Dum Dums for Dumb Dumbs
Holy Hell! Fall is here and Halloween is just around the corner. As in, tomorrow! And you know what that means - fat season is here too! The gluttony always starts with the little mister's birthday in early October, and it kind of doesn't stop until we wake up in a bloated, sugar free and sober stupor on January 1st, cursing all that sugar and flour and boozy, carb-y good/badness!
Last year, we tried to do just a *little* something to head it off. We tried to keep from eating all that damn Halloween candy. And so stupidly, I realize now, we - meaning - I - bought suckers. Not Blow Pops, not Tootsie Pops, no. Just, Dum Dums. I figured, it's candy, right? It's free candy, what's not to like, you ungrateful little rascals?! No really. I seriously just thought that maybe if we bought something we didn't like, then we wouldn't eat it. And I had no idea that Dum Dum suckers were SO SO LAME. But, yeah, turns out, Dum Dums are lame. And even if all 3 kids who showed up last year hadn't said so, all my friends verified: Dum Dum suckers are LAME. How did I not know this? I really just thought that free candy = good candy, but not all candy is created equal. And if I didn't know it before, I know it now. When your 40-something friends chastise your idiocy in buying a candy as lame as a plain old SUCKER, well then, you might need to admit that maybe you really are the biggest sucker. When your friends tell you that you MIGHT AS WELL PASS OUT RAISINS, it kind of makes you just shrivel. Even if secretly, you really um, sort of like raisins.

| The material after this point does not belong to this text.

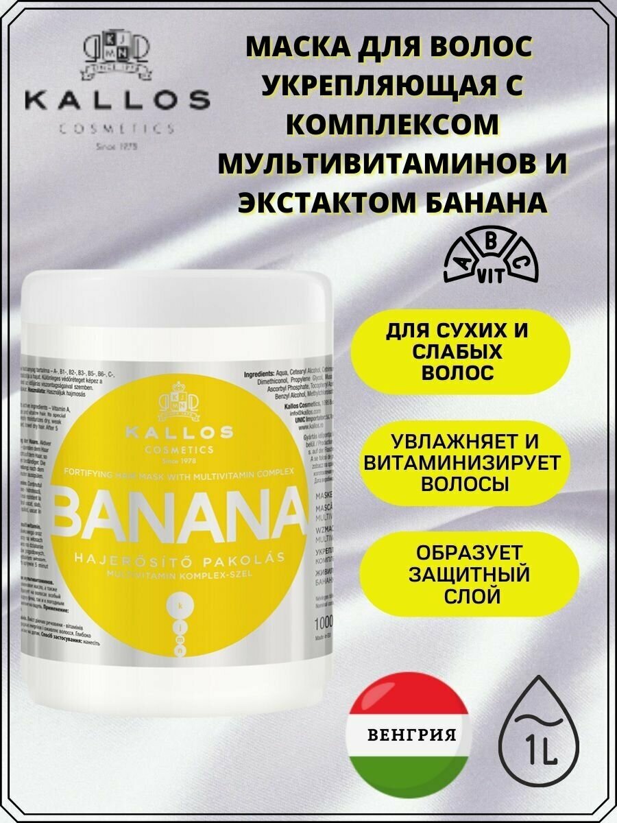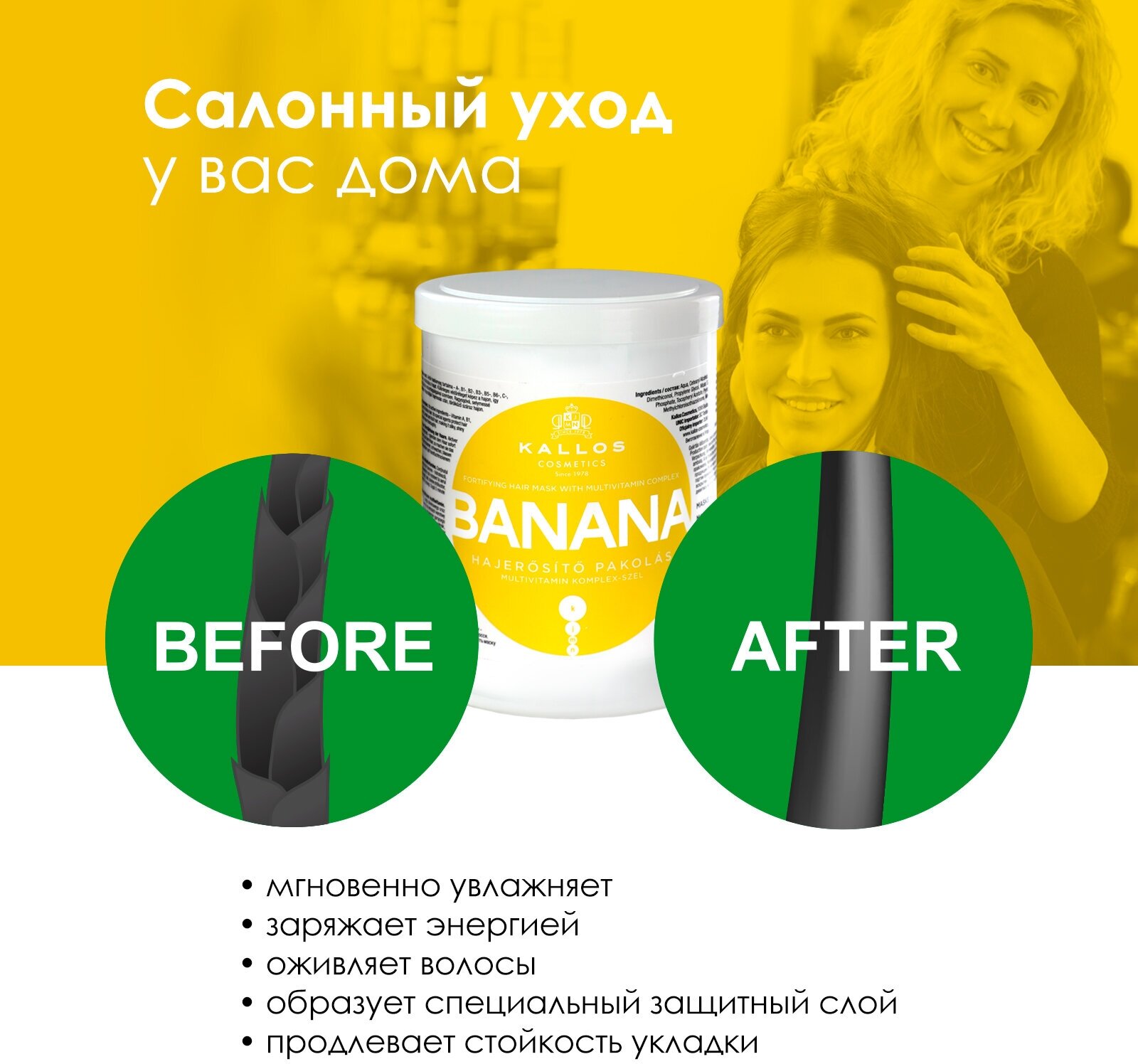 Маска для укрепления волос с комплексом мультивитаминов и экстрактом банана kallos kjmn 1000мл Каллос Косметикс (1395680)

Is there a moral to the story? I don't know - but I guess this year we - and by we I mean I - will be buying something like Butterfingers or Snickers or Godiva Bon Bons or something. And the little mister and I will just suck it up and try not to eat all 27 of the 30 pieces that don't get eaten by those non-sucker lovers. Or maybe we'll just pass out 10 candies to each of the 3 trick-or-treaters! Only time will tell!